Nepal is safe for tourists, says noted mountaineer
Kathmandu, April 27:
George Band, the first person to scale Mt Kanchanjunga, feels that Nepal is a safe destination for tourists. He hopes that the warring factions will be able to resolve the country’s pressing problems at the earliest.
“I seriously urge the government and the Maoists to resolve the problems soon since Nepal’s economy depends largely on foreign visitors and tourists,” Band told The Himalayan Times. Nepalis, according to him, are very ‘welcoming’ and he is looking forward to celebrating the fiftieth anniversary of the first ascent of 8586-metre high mountain.
“I feel very lucky to be physically fit at this age,” said the seventy-six-year-old mountaineer.
He is going on a three-week trekking to Kanchanjunga Base Camp on Saturday and will be back just in time for the celebration that is scheduled to begin from May 23-25. For him, the trek to Kanchanjunga will be a nostalgic journey.
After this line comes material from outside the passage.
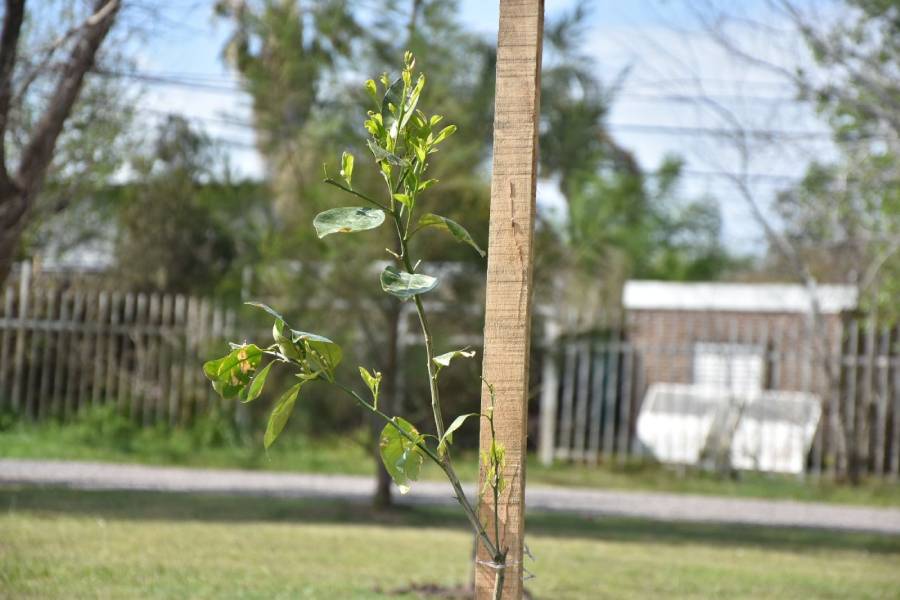 La instalación, ubicada en Araucaria y Algarrobo, cuenta con quince nuevos árboles frutales, como naranja, mandarina, durazno, nuez pecan, ciruela y quinotos.

Band, a British citizen, scaled the world’s third highest peak along with Joe Brown, Norman Hardy and Tony Streather, on May 25, 1955. However, they stopped short of climbing the top by twenty feet to respect the locals’ feelings.
A nine-member British expedition team led by Charles Evans went to Sikkim in 1955 and asked for the authorities’ permission to scale the peak.
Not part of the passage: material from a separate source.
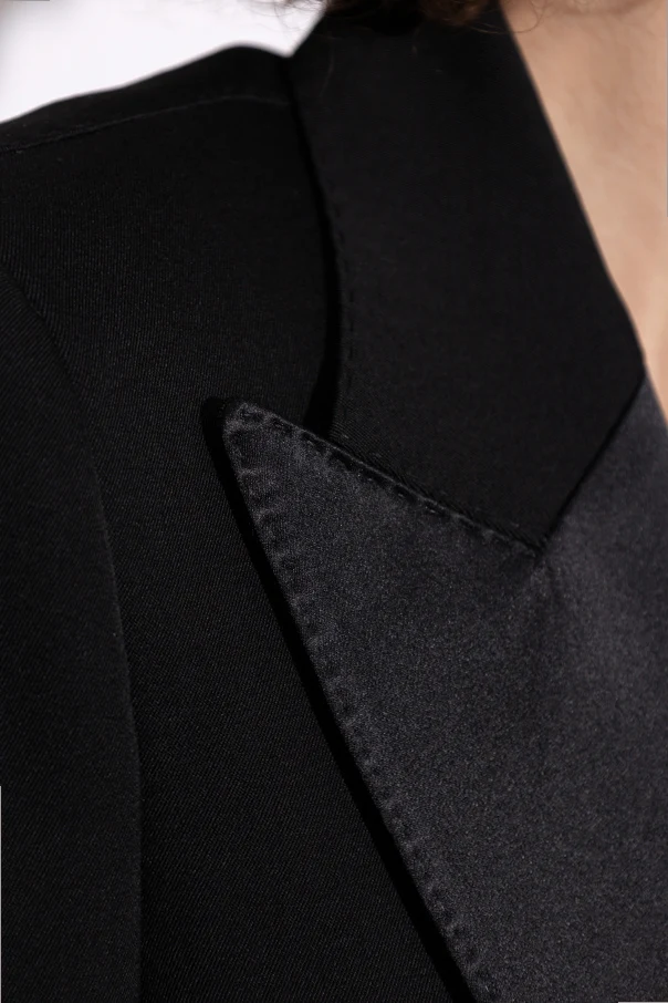 Form und Schnitt: Das Sakko reicht bis zur Taille, verfügt über klassische, breite Revers sowie lange, schmale Ärmel, die mit Knopfmanschetten enden. Der figurbetonte Schnitt betont die Silhouette und verleiht ihr einen raffinierten Charakter.

Initially the rulers were reluctant to allow them to attempt the ‘holy’ peak but they ultimately agreed after the team members vowed not to conquer the summit.
Since the team climbed the peak from the North-West Face of Nepal, there was really no reason for them to seek Sikkim’s consent but they did so ‘out of respect’. The mountain was untouched for 22 years after the first ascent.
The Indian army’s expedition team, however, attempted the peak in 1977 but they too stopped short of the top. The third highest mountain lies on Nepal-India border in Taplejung district.
Band was the youngest team member of the 1953 Everest expedition team led by John Hunt but he did not conquer the summit.